─── Data ───

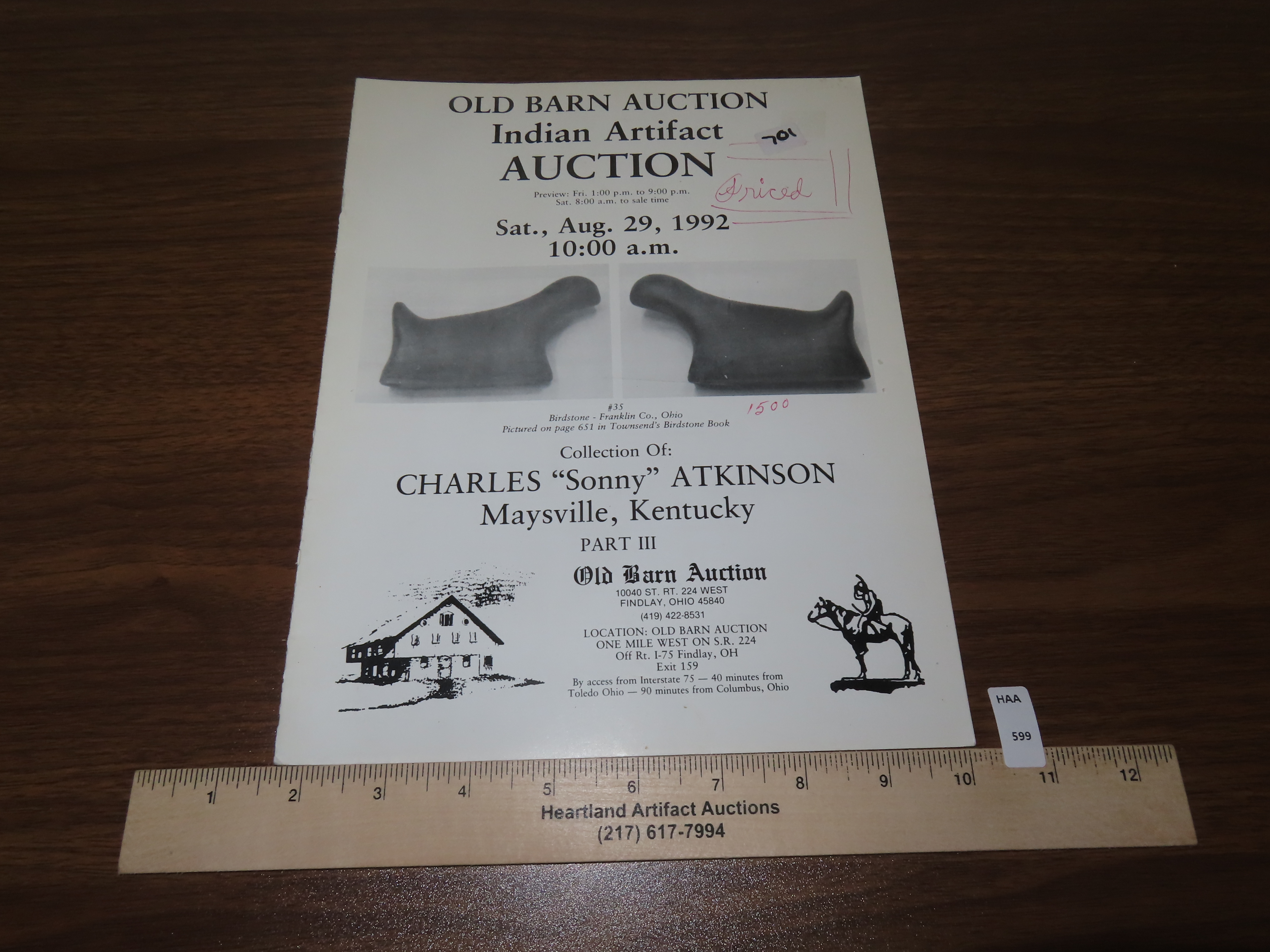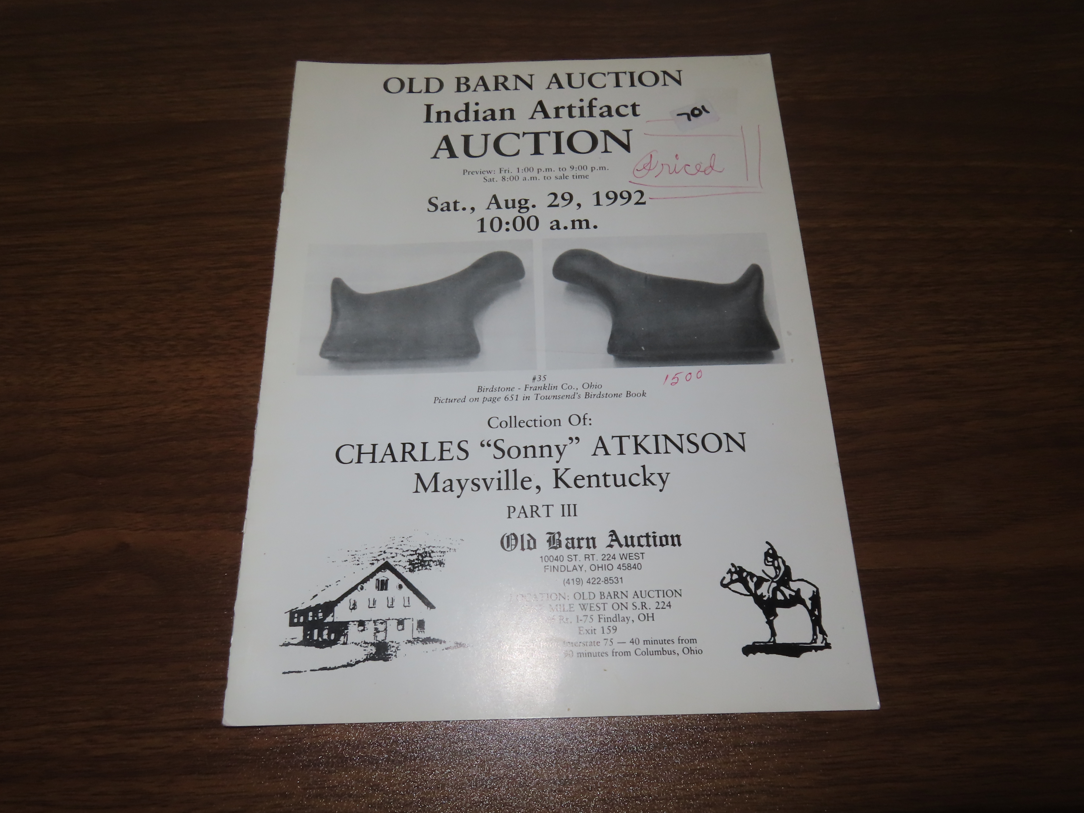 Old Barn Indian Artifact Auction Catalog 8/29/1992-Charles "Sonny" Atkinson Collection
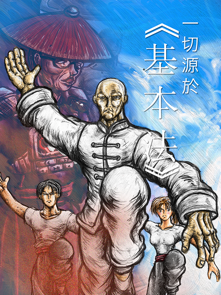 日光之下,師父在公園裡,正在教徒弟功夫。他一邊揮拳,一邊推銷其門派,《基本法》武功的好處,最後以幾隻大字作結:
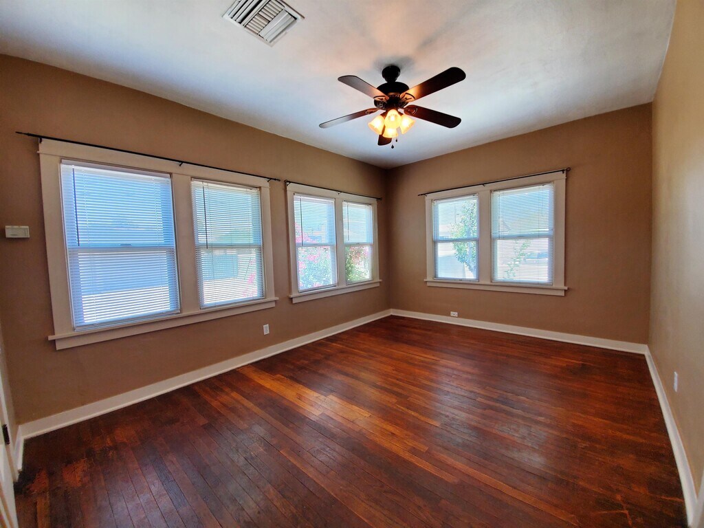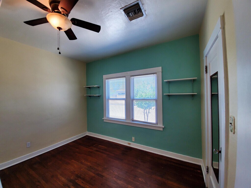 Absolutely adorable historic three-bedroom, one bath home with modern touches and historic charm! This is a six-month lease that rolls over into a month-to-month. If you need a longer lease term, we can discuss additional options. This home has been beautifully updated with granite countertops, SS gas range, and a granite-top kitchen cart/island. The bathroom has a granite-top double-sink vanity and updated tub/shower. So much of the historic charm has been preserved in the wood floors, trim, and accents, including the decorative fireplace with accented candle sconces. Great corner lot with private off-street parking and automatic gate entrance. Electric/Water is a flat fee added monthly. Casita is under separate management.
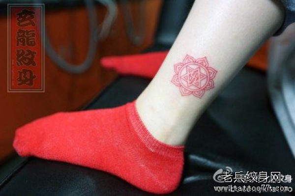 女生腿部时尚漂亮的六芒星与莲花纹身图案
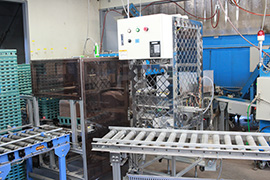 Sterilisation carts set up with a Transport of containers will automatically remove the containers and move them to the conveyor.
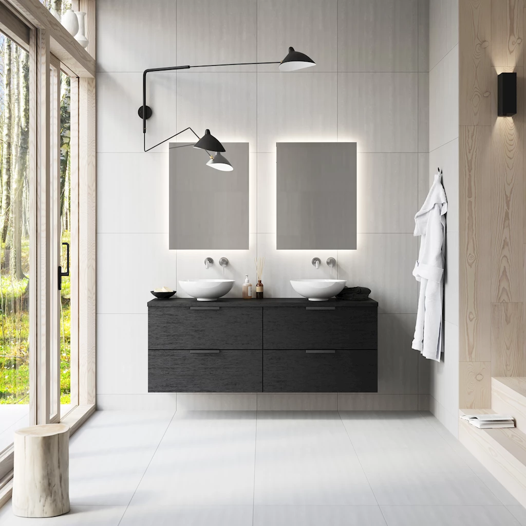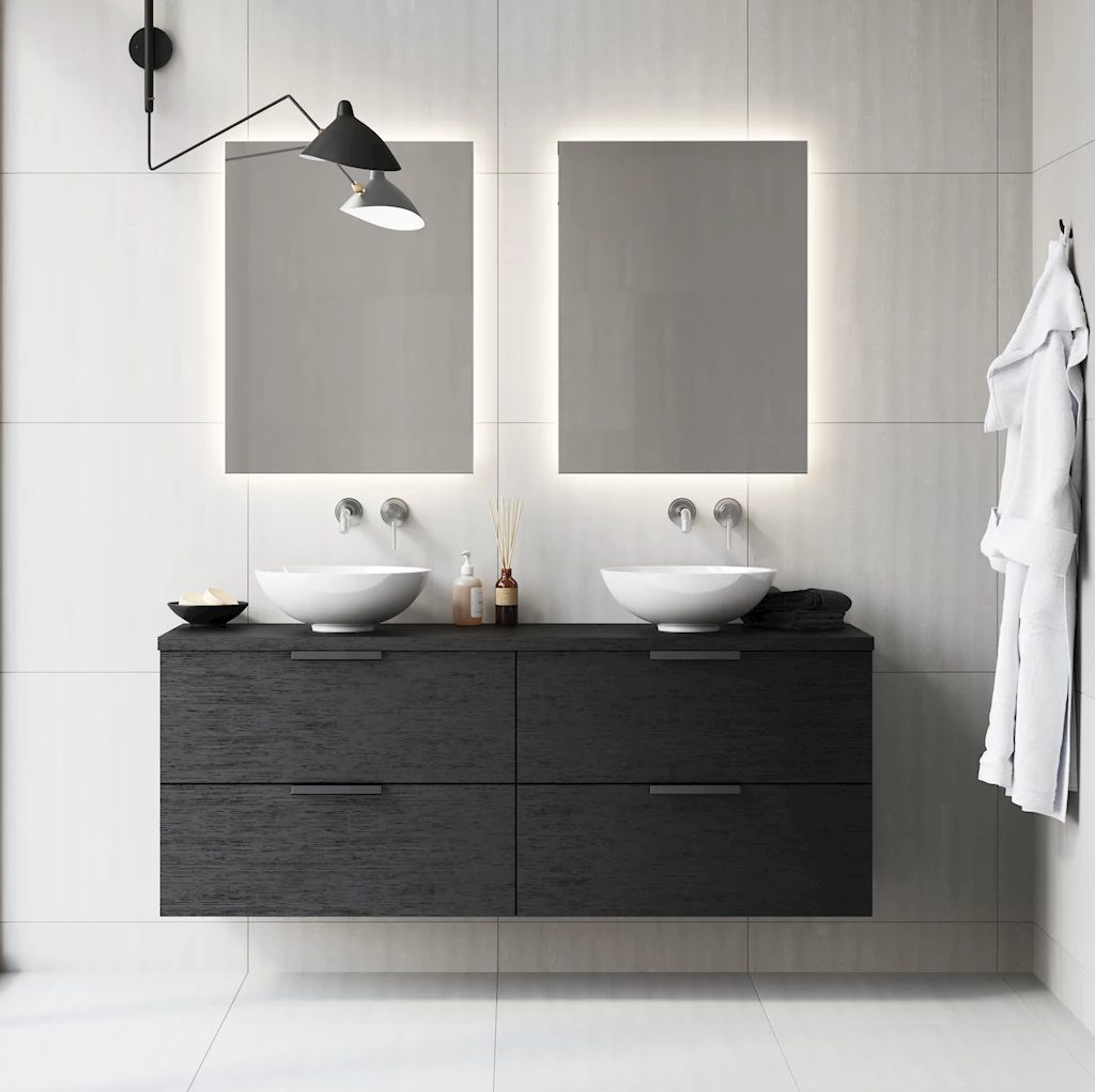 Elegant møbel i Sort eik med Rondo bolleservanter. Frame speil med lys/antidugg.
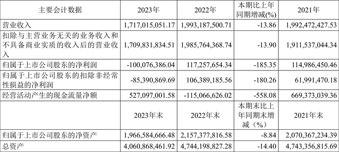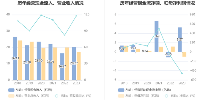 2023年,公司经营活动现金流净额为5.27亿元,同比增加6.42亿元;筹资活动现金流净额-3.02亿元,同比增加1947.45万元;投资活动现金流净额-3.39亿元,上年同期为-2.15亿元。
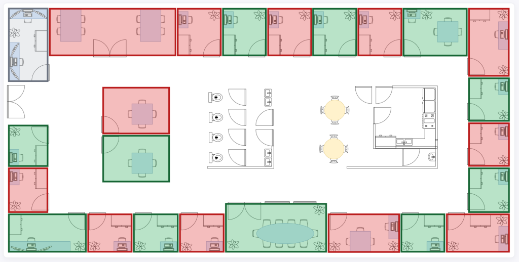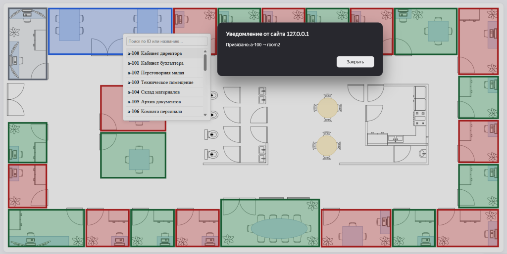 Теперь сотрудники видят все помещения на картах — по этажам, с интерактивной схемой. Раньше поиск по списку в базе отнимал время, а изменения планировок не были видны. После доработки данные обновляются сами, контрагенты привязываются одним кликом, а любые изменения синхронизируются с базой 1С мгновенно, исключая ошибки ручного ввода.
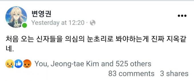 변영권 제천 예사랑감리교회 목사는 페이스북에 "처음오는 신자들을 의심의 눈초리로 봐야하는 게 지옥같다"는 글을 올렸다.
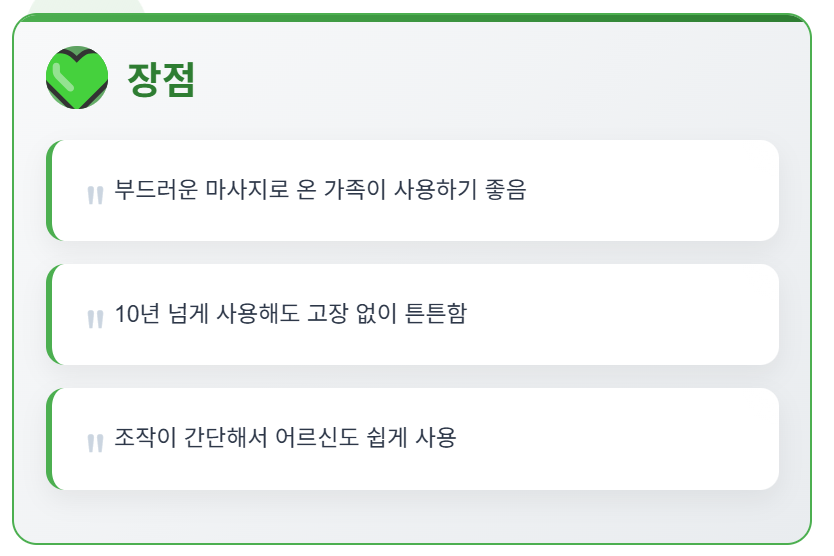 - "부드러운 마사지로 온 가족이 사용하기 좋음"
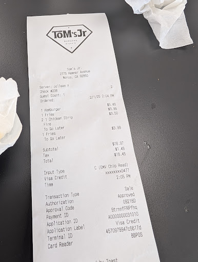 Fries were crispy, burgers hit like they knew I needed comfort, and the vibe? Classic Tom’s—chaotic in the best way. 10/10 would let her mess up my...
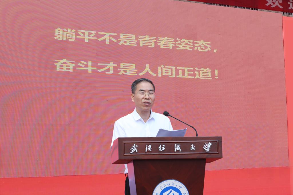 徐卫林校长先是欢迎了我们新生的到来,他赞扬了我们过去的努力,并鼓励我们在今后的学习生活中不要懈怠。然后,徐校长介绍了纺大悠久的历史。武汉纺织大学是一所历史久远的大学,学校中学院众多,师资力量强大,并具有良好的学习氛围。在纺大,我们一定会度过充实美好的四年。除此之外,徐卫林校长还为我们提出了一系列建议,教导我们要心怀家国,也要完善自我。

───

Task directions – I'd like every record printed exactly, with the pictures left out.

Exercise answer –
 Old Barn Indian Artifact Auction Catalog 8/29/1992-Charles "Sonny" Atkinson Collection
 日光之下,師父在公園裡,正在教徒弟功夫。他一邊揮拳,一邊推銷其門派,《基本法》武功的好處,最後以幾隻大字作結:
 Absolutely adorable historic three-bedroom, one bath home with modern touches and historic charm! This is a six-month lease that rolls over into a month-to-month. If you need a longer lease term, we can discuss additional options. This home has been beautifully updated with granite countertops, SS gas range, and a granite-top kitchen cart/island. The bathroom has a granite-top double-sink vanity and updated tub/shower. So much of the historic charm has been preserved in the wood floors, trim, and accents, including the decorative fireplace with accented candle sconces. Great corner lot with private off-street parking and automatic gate entrance. Electric/Water is a flat fee added monthly. Casita is under separate management.
 女生腿部时尚漂亮的六芒星与莲花纹身图案
 Sterilisation carts set up with a Transport of containers will automatically remove the containers and move them to the conveyor.
 Elegant møbel i Sort eik med Rondo bolleservanter. Frame speil med lys/antidugg.
 2023年,公司经营活动现金流净额为5.27亿元,同比增加6.42亿元;筹资活动现金流净额-3.02亿元,同比增加1947.45万元;投资活动现金流净额-3.39亿元,上年同期为-2.15亿元。
 Теперь сотрудники видят все помещения на картах — по этажам, с интерактивной схемой. Раньше поиск по списку в базе отнимал время, а изменения планировок не были видны. После доработки данные обновляются сами, контрагенты привязываются одним кликом, а любые изменения синхронизируются с базой 1С мгновенно, исключая ошибки ручного ввода.
 변영권 제천 예사랑감리교회 목사는 페이스북에 "처음오는 신자들을 의심의 눈초리로 봐야하는 게 지옥같다"는 글을 올렸다.
 - "부드러운 마사지로 온 가족이 사용하기 좋음"
 Fries were crispy, burgers hit like they knew I needed comfort, and the vibe? Classic Tom’s—chaotic in the best way. 10/10 would let her mess up my...
 徐卫林校长先是欢迎了我们新生的到来,他赞扬了我们过去的努力,并鼓励我们在今后的学习生活中不要懈怠。然后,徐校长介绍了纺大悠久的历史。武汉纺织大学是一所历史久远的大学,学校中学院众多,师资力量强大,并具有良好的学习氛围。在纺大,我们一定会度过充实美好的四年。除此之外,徐卫林校长还为我们提出了一系列建议,教导我们要心怀家国,也要完善自我。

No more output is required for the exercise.